The 47-year-old said: “I don’t think there’s any concern about extremism in this area and these reports prove it. I don’t see any problem with this school.”

They said they said they said.

Opaque.

Comments

  1. unity says

    Yes, there’s plenty of opacity here.

    A report on one primary school noted an unverified allegation by an unnamed teacher that a Muslim teacher had used the words “white prostitute” during a school assembly with no context given for this alleged remark, just that the person making the allegation thought this was inappropriate.

    This was leaked to a newspaper ahead of the publication of the report and inevitably became a headline claim that the school was teaching children that white women are prostitutes.

    What the media didn’t bother with was any kind of basic background research.
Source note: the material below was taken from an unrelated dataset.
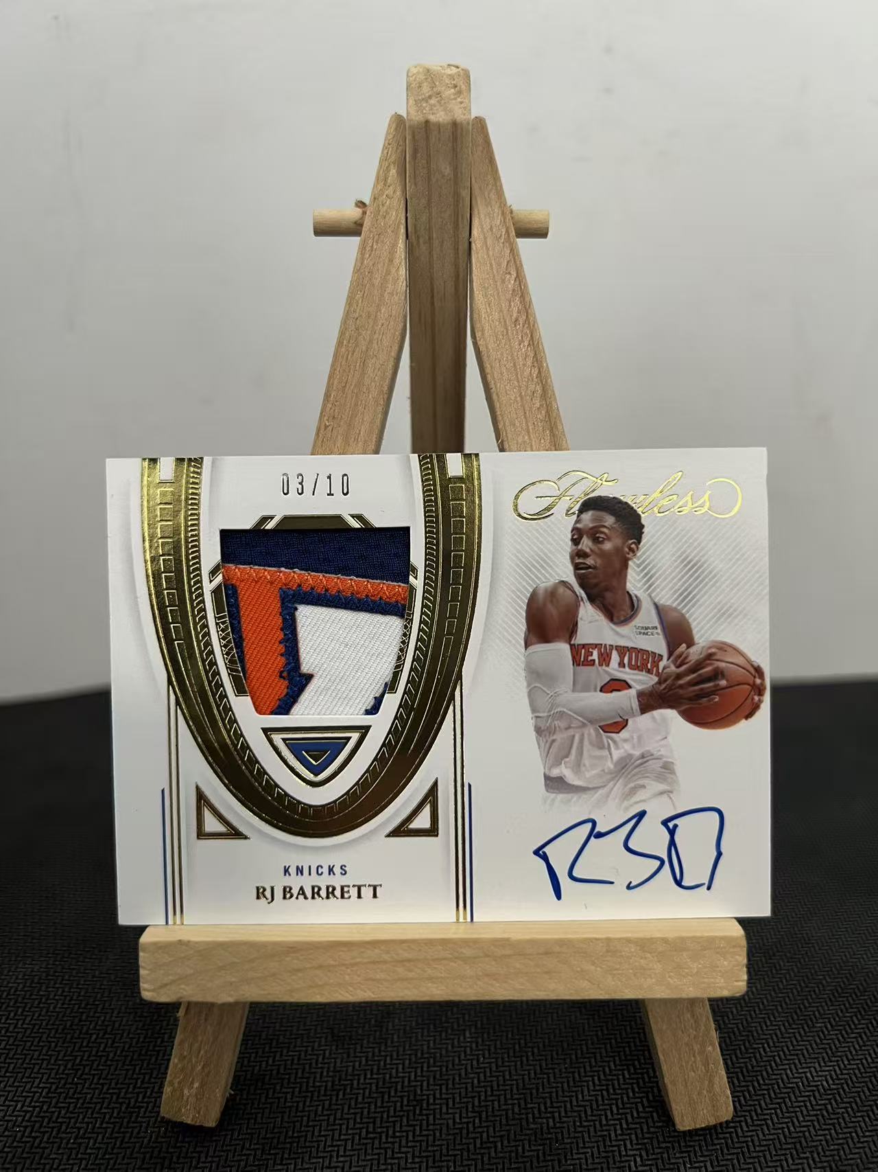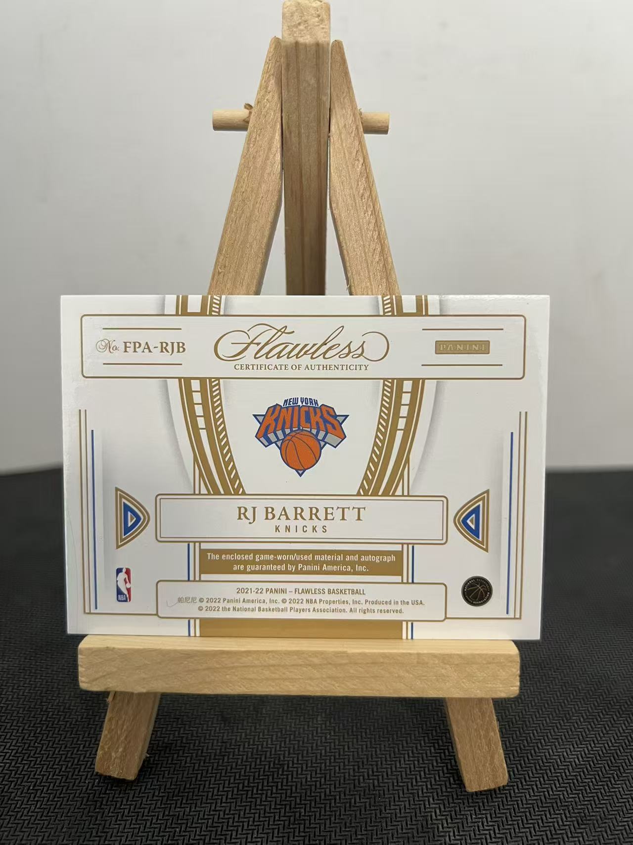 2021-22 Panini Flawless R.J. Barrett 【FV拍卖】RJB 巴雷特 手提FPA PA 签字 卡签 3/10编 金平行 同顺位编 暴力落场物料 瑕疵如图 放纵

The school in question is about 500 yards from a local park and main road where there have been longstanding issued with street prostitution and kerb-crawling, which could very well go some way to explaining the “white prostitute” comment, if only the agency that produced had bothered the clarify the context.

    What actually appears to have happened is some of these schools, which are community schools and not designated faith schools, were removed from local authority control at which point their conservative Muslim governors – the schools are in areas with a large Muslim population – took it upon themselves to turn their schools into faith schools by default.

    There’s no evidence of an actual plot or any direct Islamist influence/involvement, just a bunch of religious conservatives handed control of a few schools using their position on the governing bodies to push the schools in a conservative, religious, direction.

  2. Shatterface says

    This was leaked to a newspaper ahead of the publication of the report and inevitably became a headline claim that the school was teaching children that white women are prostitutes

    Somehow I doubt you’d be making such a generous interpretation if a teacher in a mainly white school referred to ‘black prostitutes’ – whether or not the local prostitutes were black.

  3. opposablethumbs says

    It’s too bad they don’t just require state schools to be secular.


    QFFT
    They should all be non-denominational, ffs. It is hypocritical to make these criticisms – even if they may be justified – while complacently allowing catholic, jewish, c o’ e, Vardy-creationist and all the other faith schools to go utterly unquestioned.

  4. sc_770d159609e0f8deaa72849e3731a29d says

    One problem is the switch in Ofsted’s attitudes. A couple of years ago some of these schools were described as “outstanding”; now they say the schools need to be taken out of the control of the people who ran them. if they were so wrong then, why should we believe them now?

  5. johnthedrunkard says

    Were the schools under their current regimes back when Ofsted gave them positive ratings? And, of course, more time in place would mean more time to subvert the integrity of the schools and warp them into the desired form.

    I haven’t checked the full-text of the BBC, but I hope its noticed that NO reference to ‘Islam’ or ‘Muslims’ made it into the extracts Ophelia has included.

    I guess the BBC is ready to work in Spain.

  6. miraxpath says

    The issue with the inconsistency of the Ofsted reports is that the inspections were outsourced to companies which then employed islamist chumps like Ibrahim Hewitt and Tahir Aslam (no real educational qualifications apart from strutting around as MCB honchos) to be ofsted inspectors. There was probably some backscratching going on. Concerns raised by staff as far back as 2008 were ignored by both the local council and the DfE. This is real mess and Ofsted has decided to start an investigation as to why the earlier whistle blowers were ignored and has decided to stop outsourcing inspections.

    The Guardian’s coverage of this has been terrible and it seems that it is ok to betray every liberal principle in support of conservative theocrats , as long as they are “áuthentic” muslims.

    Unity is so wrong about the Telegraph’s coverage of this issue. The Telegraph has a wealth of details that a lot of Guardian types are in complete denial about and don’t engage with. The BHA has also been on the ball since a number of whistle blowers approached it with complaints.